EXERCISE :: Write the data out again, character for character, with no images.

RECORDED DATA ::
=== Begin Enclosure ===

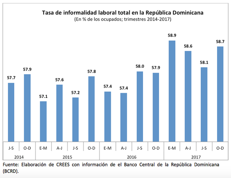 Las cifras de la informalidad laboral total de la economía dominicana indican que esta continúa en ascenso. En 2017 el promedio para los cuatro trimestres del año fue 58.6%, superior al 56.9% de 2016. Los datos se refieren a la informalidad total, ya que miden la cantidad de empleados que están laborando en empresas informales y dentro de las formales; estos últimos son establecimientos formales, pero a cuyos dueños los costos del sistema legal les impulsan a realizar parte de sus actividades fuera del mismo.
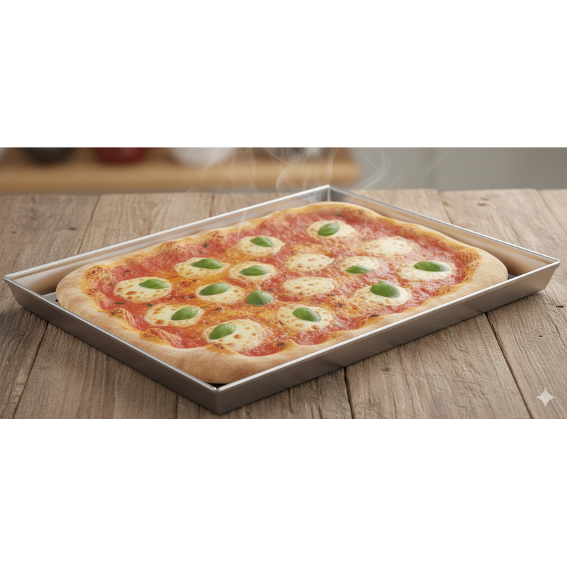 Dal punto di vista strutturale, la teglia presenta bordi ripiegati che ne rinforzano il perimetro, prevenendo le torsioni dovute agli sbalzi termici. Le saldature sono eseguite con tecnologie d'avanguardia per garantire superfici lisce, igieniche e prive di punti deboli. Il design a bordi verticali di 3 cm è ideale per contenere lievitati che necessitano di una crescita guidata e precisa.
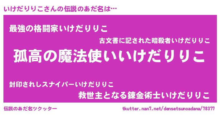 | 胡散臭い通販商品みたいなあだ名 | 『信頼と実績のサプリメント…その名も「いけだりりこ」』 |
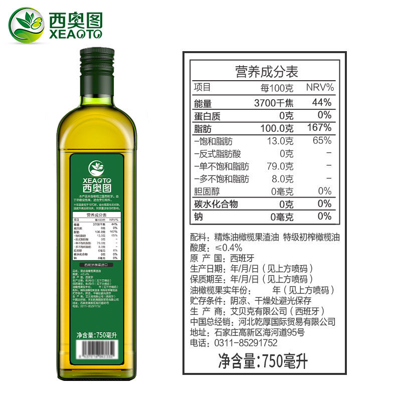 Siottu Imported Oil Cooking Oil Low Fitness Meal Reduction 750mlx2 Bottled Fat Contains Extra Virgin Olive Oil

=== End Enclosure ===

TASK RESULT ::
 Las cifras de la informalidad laboral total de la economía dominicana indican que esta continúa en ascenso. En 2017 el promedio para los cuatro trimestres del año fue 58.6%, superior al 56.9% de 2016. Los datos se refieren a la informalidad total, ya que miden la cantidad de empleados que están laborando en empresas informales y dentro de las formales; estos últimos son establecimientos formales, pero a cuyos dueños los costos del sistema legal les impulsan a realizar parte de sus actividades fuera del mismo.
 Dal punto di vista strutturale, la teglia presenta bordi ripiegati che ne rinforzano il perimetro, prevenendo le torsioni dovute agli sbalzi termici. Le saldature sono eseguite con tecnologie d'avanguardia per garantire superfici lisce, igieniche e prive di punti deboli. Il design a bordi verticali di 3 cm è ideale per contenere lievitati che necessitano di una crescita guidata e precisa.
 | 胡散臭い通販商品みたいなあだ名 | 『信頼と実績のサプリメント…その名も「いけだりりこ」』 |
 Siottu Imported Oil Cooking Oil Low Fitness Meal Reduction 750mlx2 Bottled Fat Contains Extra Virgin Olive Oil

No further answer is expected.